Environmental Defense Action Fund claims, in radio ads, the Murkowski resolution is a “polluter bailout bill.” For shame! EDAF cynically exploits taxpayers’ anger at wealth transfers to fat-cat corporations to advance a big-government agenda that many of those same taxpayers oppose.
Sen. Barbara Boxer (D-Calif.) claims  that overturning the endangerment finding is equivalent to overturning the Surgeon General’s report linking cigarette smoking to cancer.
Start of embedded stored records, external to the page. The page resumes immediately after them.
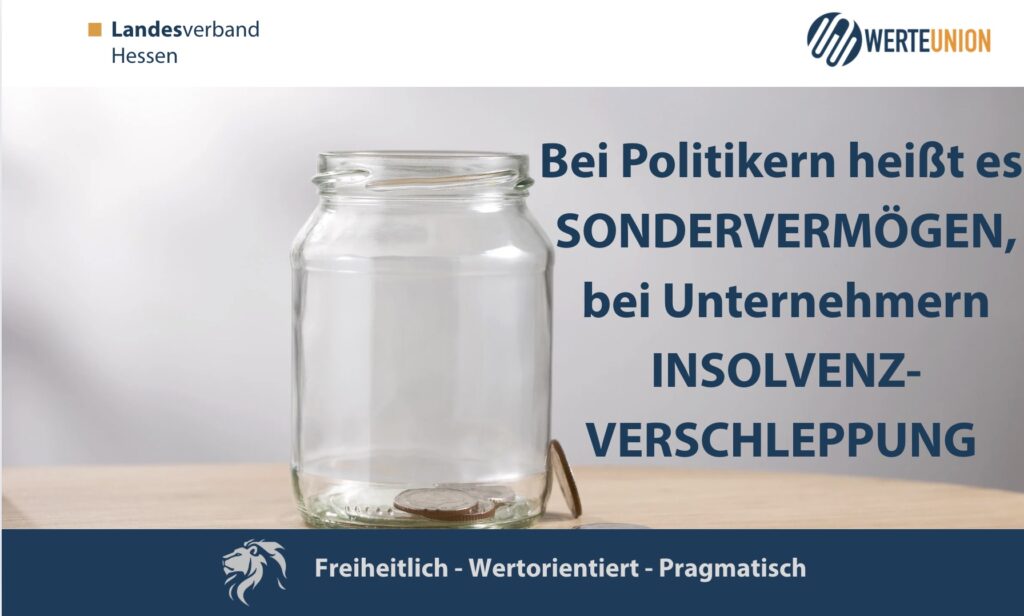 Überschuldung des Staates Wenn der Staat Schulden macht, die zur Überschuldung führen nennt man es Sondervermögen. Wenn Unternehmer aufgrund von Überbürokratie mit immer höheren Kosten kämpfen, die zur Zahlungsunfähigkeit führen […]
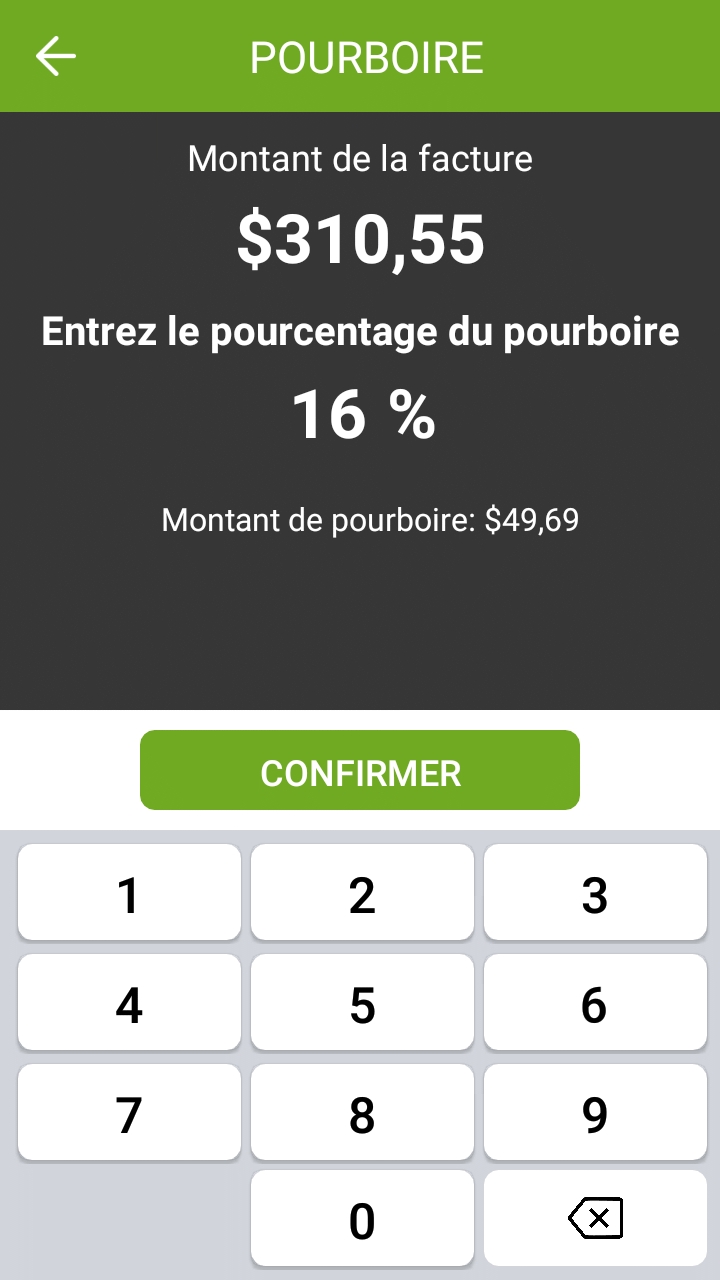 Le client utilise le clavier fourni pour entrer un pourcentage de pourboire, ce qui rendra le bouton CONFIRMER disponible.
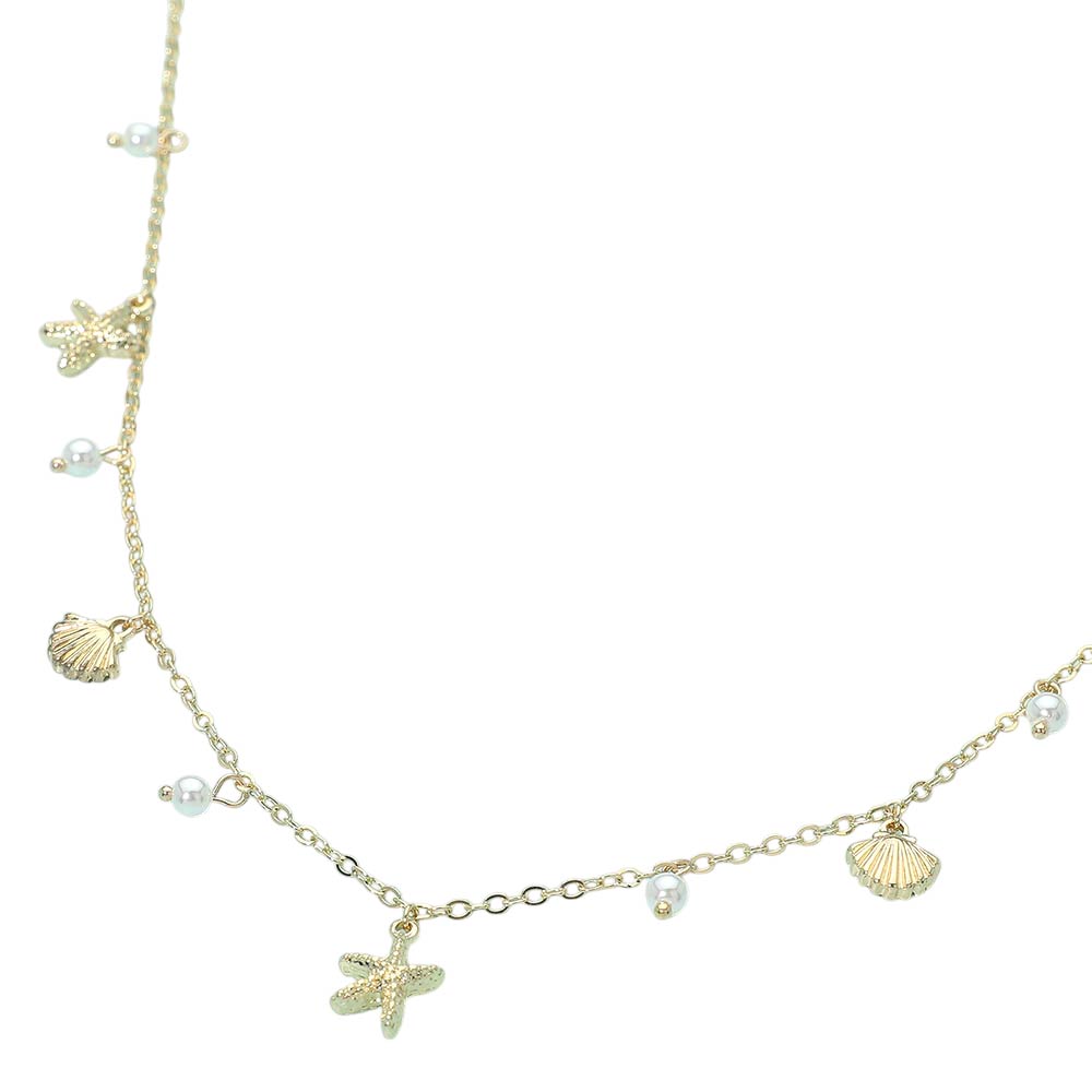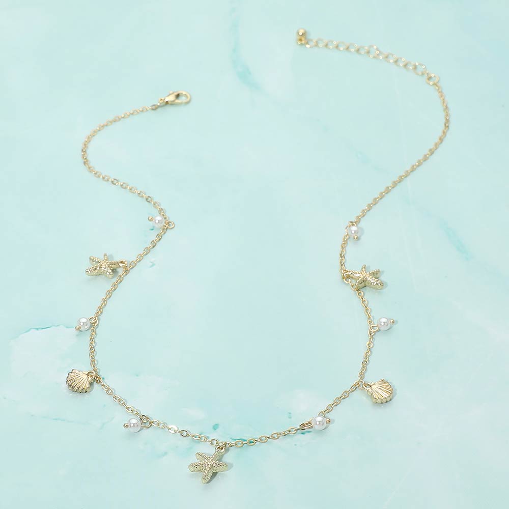 Details • Necklace Size : 16.5" + 2.25" L • Decor Size : 0.7"l • This sea life charm necklace features a delicate chain accented with ocean-inspired charms and subtle bead details that add graceful movement and visual interest. Designed for easy layering or standalone wear, it offers a relaxed yet polished accent ideal for everyday styling, vacation looks, gifting collections, and coastal-themed jewelry assortments. • Lead and Nickel Compliant
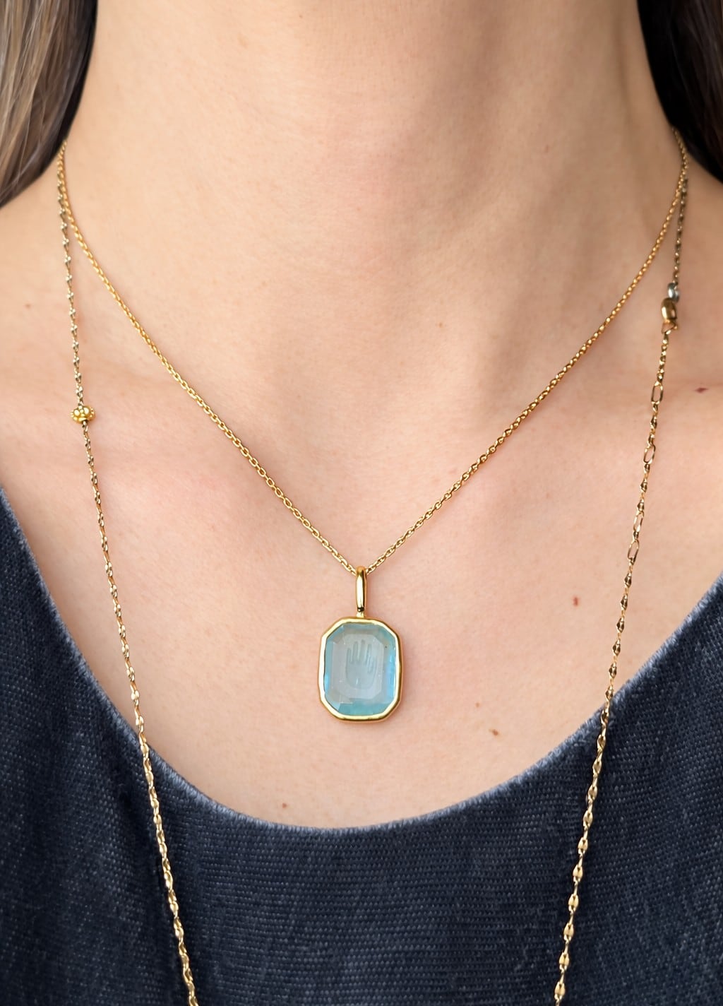 ブッダの右手を彫刻したアクアマリンを、K18でセッティングした一点もののペンダントです。
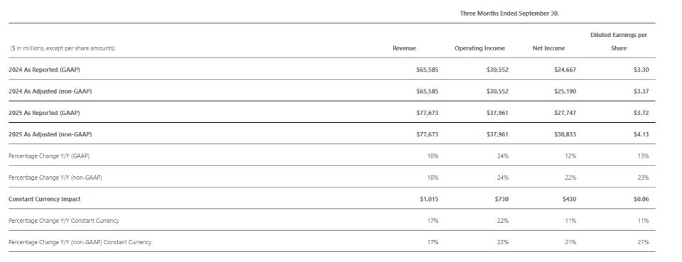 财报显示,微软第一财季营收为776.73亿美元,同比增长18%;净利润为277.47亿美元,同比增长12%,按固定汇率计算(不按照美国通用会计准则),净利润为308.33亿美元,同比增长22%;每股摊薄收益为3.72美元,同比增长13%,按固定汇率计算(不按照美国通用会计准则),每股收益为4.13美元,同比增长23%。
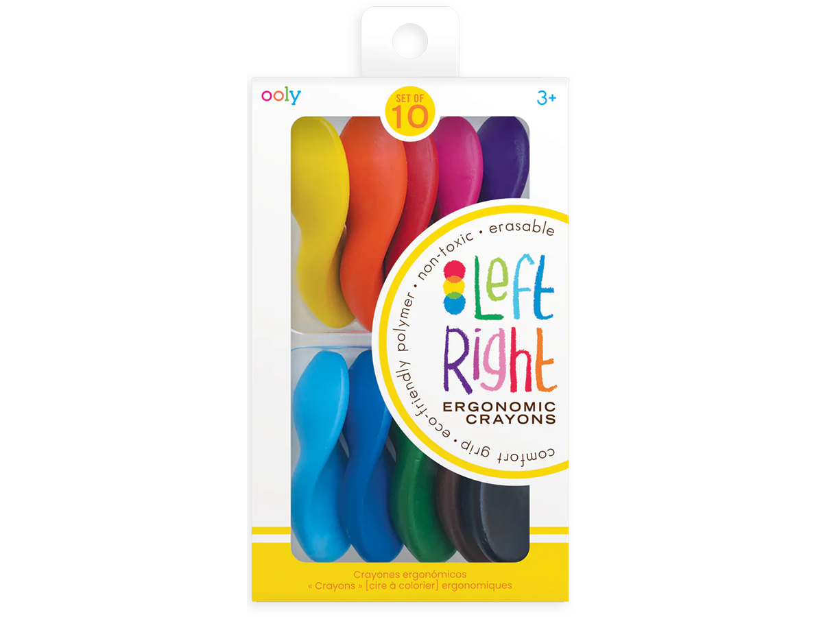 Are you right handed? Left handed? Ambidextrous? It doesn't matter with Left Right Crayons, they are ergonomic for everyone! These easy-to-hold crayons make drawing works of art comfortable and fun. Left Right Crayons are made with an eco-friendly polymer, are nontoxic and completely erasable. Set of 10 beautiful colors.
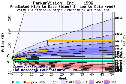 The following graph plots the year-to-date performance of the stock for 1996 compared to the probability calculated by a random walk model.
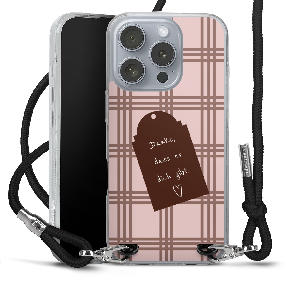 Habe Dein Handy, dank der flexiblen Silikon Handyhülle zum Umhängen mit der Handykette aus Stoff, immer griffbereit.
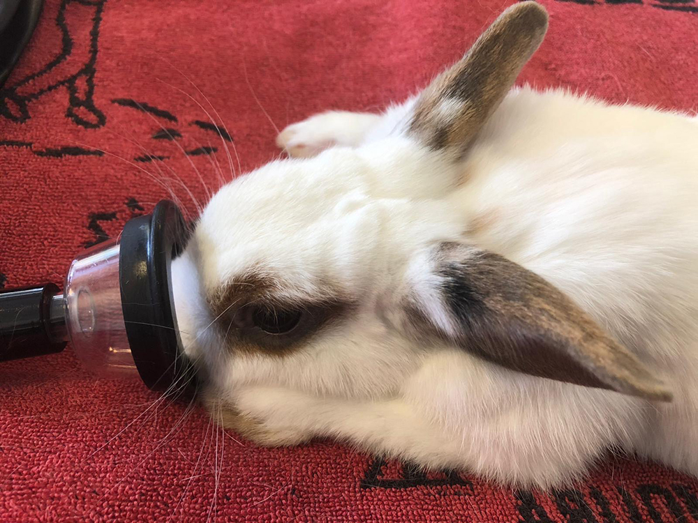 Bij binnenkomst controleren we het konijn: we meten de temperatuur, luisteren naar het hart en de longen en voelen of er geen aanwijzingen zijn voor problemen in de buik.

We’re supposed to be scandalized that Congress would try to repeal science and keep us in the dark about threats to our health and welfare. This too is nonsense, for two reasons.
First, the Surgeon General’s report was purely an assessment of the medical literature. It had no legal force or effect. It did not even offer policy recommendations. If the endangerment finding were simply one agency’s review of the science, Congress would have no business voting on it either. But, to repeat, unlike the Surgeon General’s report, the endangerment finding is both trigger and precedent for costly and complex policy changes Congress never approved.
Second, although some may oppose the endangerment finding on scientific grounds , the Murkowski resolution neither takes nor implies a position on climate science. The resolution would overturn the “legal force and effect” of the endangerment finding, not its reasoning or conclusions. The resolution is a referendum not on climate science but on the constitutional propriety of EPA making climate policy without new and specific statutory guidance from Congress.
Although you’d never guess from the attacks to which she has been subjected, Sen. Murkowski is not a climate skeptic, nor does she oppose  greenhouse gas regulation in principle. Her position is simply that climate policy is too important to be made by non-elected bureaucrats. That ought to be a proposition on which all Senators can agree.